Amantadine, which was originally developed as an antiviral medication, functions as a dopamine agonist in the central nervous system and consequently is utilized in the treatment of Parkinson disease, drug-induced extrapyramidal reactions, and neuroleptic malignant syndrome. For reasons that are not entirely understood, abrupt changes in amantadine dosage can produce a severe withdrawal syndrome. Existing medical literature describes case reports of amantadine withdrawal leading to delirium, which at times has progressed to neuroleptic malignant syndrome. Amantadine withdrawal may be under-recognized by mental health clinicians, which has the potential to lead to protracted hospital courses and suboptimal outcomes. The goal of this case series is to highlight the role of amantadine withdrawal in the cases of 3 medically complex patients with altered mental status. In the first case, the cognitive side effects of electroconvulsive therapy masked acute amantadine withdrawal in a 64-year-old man with Parkinson disease. In the second case, a 75-year-old depressed patient developed a catatonic delirium when amantadine was discontinued. Finally, a refractory case of neuroleptic malignant syndrome in a 57-year-old patient with schizoaffective disorder rapidly resolved with the reintroduction of outpatient amantadine. These cases highlight several learning objectives regarding amantadine withdrawal syndrome: First, it may be concealed by co-occurring causes of delirium in medically complex patients. Second, its symptoms are likely to be related to a cortical and limbic dopamine shortage, which may be reversed with electroconvulsive therapy or reintroduction of amantadine. Third, its clinical presentation may occur on a spectrum and may include features suggestive of delirium, catatonia, or neuroleptic malignant syndrome.

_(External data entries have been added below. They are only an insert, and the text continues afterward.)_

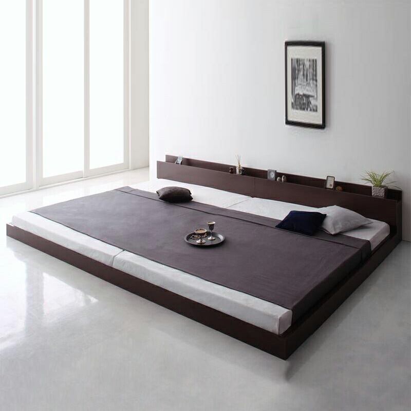 スーパーワイドキングサイズ 大型モダンフロアベッド プレミアムボンネルコイルマットレス付き ワイドK240(SD×2)
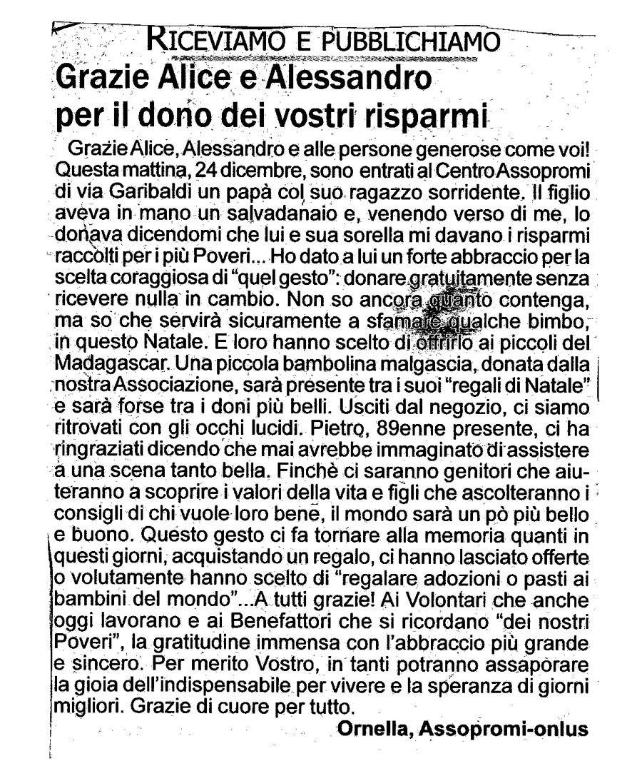 Chi siamo...     Dalle missioni     Suor Paola     Progetti     Attività     Per contribuire...     Link utili     Riconoscimenti     Interventi Diretti
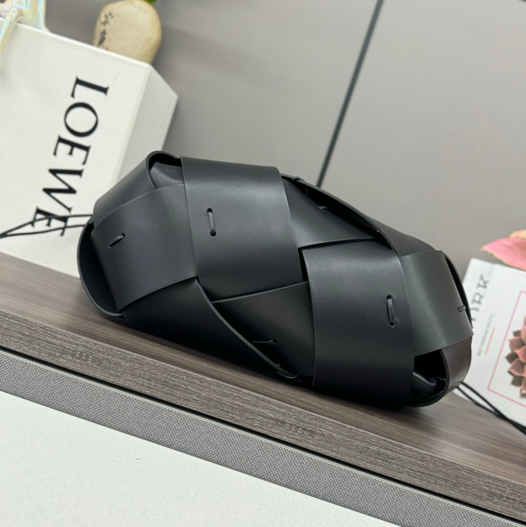 LOE INTERLACED HOBO 38 BAG IN BLACK CALFSKIN
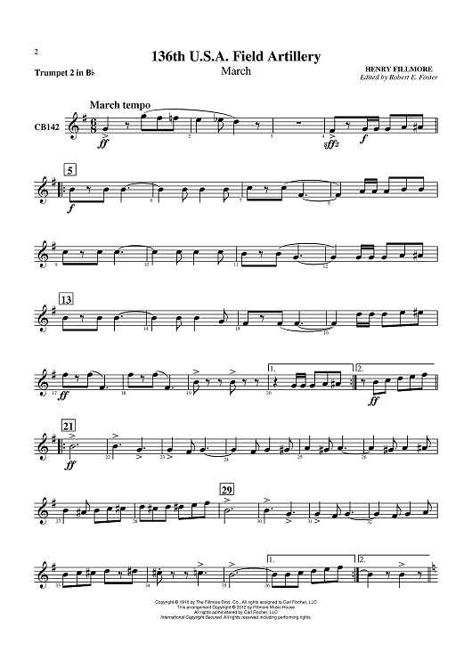 Digital Sheet Music for 136th U.S.A. Field Artillery (March) - Trumpet 2 in Bb by Henry Fillmore, Robert E. Foster scored for Concert Band; id:430437
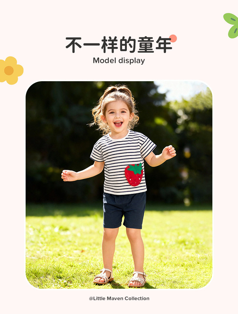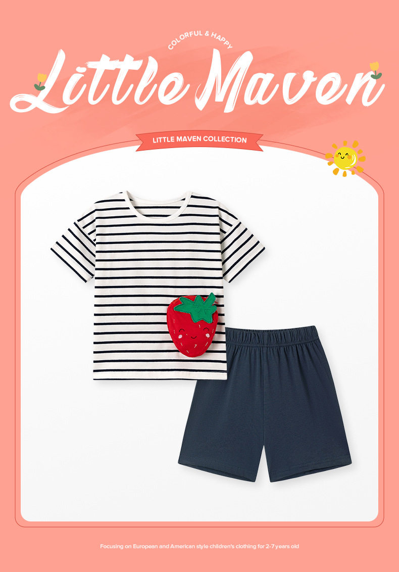 Set Anak Perempuan Lengan Pendek Musim Panas, Setelan Dua Pcs Bayi Bergaris Lucu, Setelan Anak

"The common features among these cases suggest that risk factors for this withdrawal phenomenon may include being elderly, presence of advanced parkinsonism, and duration of amantadine therapy for longer than 1 year."
Thanks so much for the share @Koveras, that all makes sense and reflects what I might expect, however, that's not quite enough to convince me that dopamine agonists are safe. If you check search for dopamine agonist experiences on the social anxiety forum, you'll see that there are healthy people that used dopamine agonists for their anxiety for different periods, and some of them still got bad withdrawals. Risk factors mean that the risk factor is significantly increased, but it doesn't mean you won't get DAWS if you don't have any of them.
In addition, in any case, there's a high probability of dopamine receptor downregulation, as there is with indirect agonists like amphetamine, etc. It's a unsustainable and unwise course of supplementation for healthy people, imo.